- **INFORMATION SHOWN**:
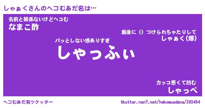 | ヒーロー風カッコイイあだ名 | 『スーパーシャァク』『炎刃騎士シャ』 |
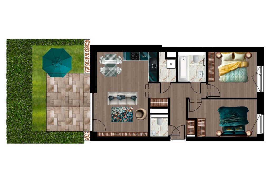 Ez a 2 hálószobás földszinti lakás tökéletes választás nagyobb családoknak, akik tágas, világos tereket és kertkapcsolatot keresnek egy modern, csendes lakóövezetben.
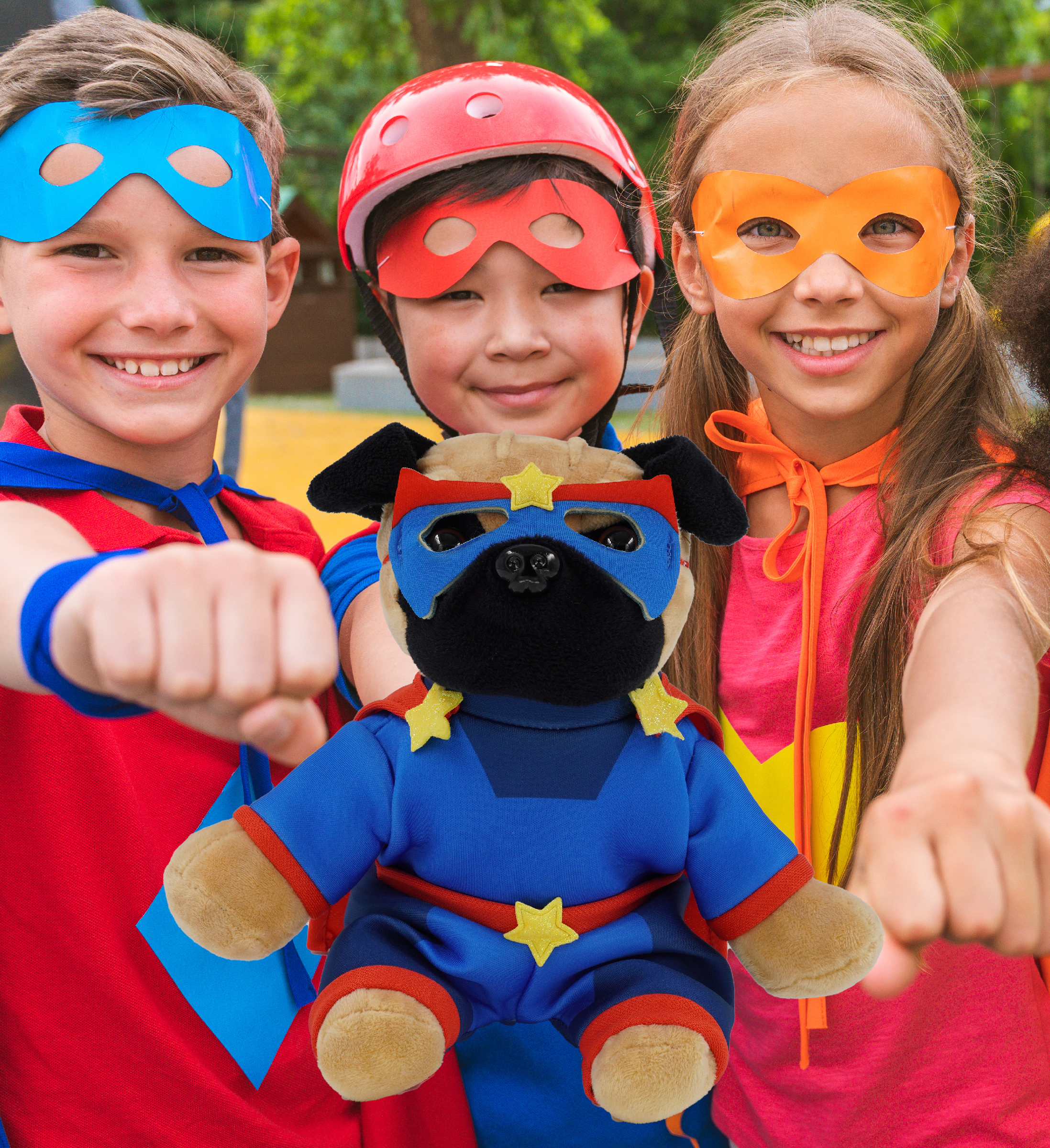 - Features a Cute Teddy Bear Plush with Superhero Cape Outfit – With a mask, suit, and cape, this pug dog stuffed plush toy comes with a playful and stylish look that results in two fun themes: pets and superheroes! Great teddy bear stuffed animal for adventure plush storytelling, animal toy kid playtime, or as a classroom buddy. A unique addition to any stuffed superhero lineup or plush animal kid collection with dressed stuffed animals.

- **EXERCISE OBJECTIVE**: In the answer, retype exactly and only the lines from the one holding "Ez a 2 hálószobás" through the end of the listing, keeping both ends and dropping every picture.

- **ANSWER TO THIS TASK**:
 Ez a 2 hálószobás földszinti lakás tökéletes választás nagyobb családoknak, akik tágas, világos tereket és kertkapcsolatot keresnek egy modern, csendes lakóövezetben.
 - Features a Cute Teddy Bear Plush with Superhero Cape Outfit – With a mask, suit, and cape, this pug dog stuffed plush toy comes with a playful and stylish look that results in two fun themes: pets and superheroes! Great teddy bear stuffed animal for adventure plush storytelling, animal toy kid playtime, or as a classroom buddy. A unique addition to any stuffed superhero lineup or plush animal kid collection with dressed stuffed animals.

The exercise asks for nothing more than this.